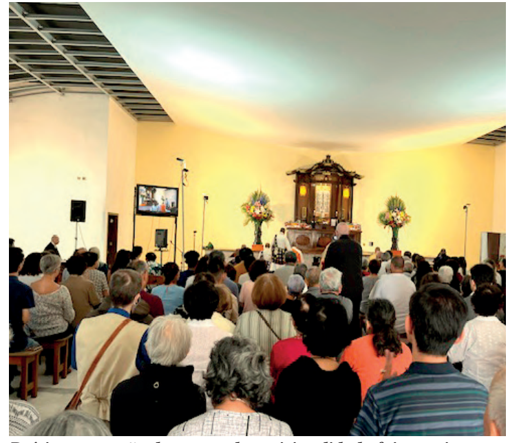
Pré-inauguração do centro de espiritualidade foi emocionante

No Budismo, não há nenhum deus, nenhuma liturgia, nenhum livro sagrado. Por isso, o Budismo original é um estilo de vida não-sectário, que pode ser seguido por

══════════════════════════════

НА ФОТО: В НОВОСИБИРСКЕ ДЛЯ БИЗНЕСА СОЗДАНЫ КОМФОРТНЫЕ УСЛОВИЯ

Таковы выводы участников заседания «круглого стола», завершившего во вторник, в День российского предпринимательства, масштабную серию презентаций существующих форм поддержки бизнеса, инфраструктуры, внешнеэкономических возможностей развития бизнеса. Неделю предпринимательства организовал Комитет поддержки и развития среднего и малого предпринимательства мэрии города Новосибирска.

══════════════════════════════

| Task requirements |
For the material above, reproduce exactly the lines from the line with "Pré-inauguração do centro" to the line with "No Budismo, não", inclusive, and exclude all others.

| Final answer |
Pré-inauguração do centro de espiritualidade foi emocionante

No Budismo, não há nenhum deus, nenhuma liturgia, nenhum livro sagrado. Por isso, o Budismo original é um estilo de vida não-sectário, que pode ser seguido por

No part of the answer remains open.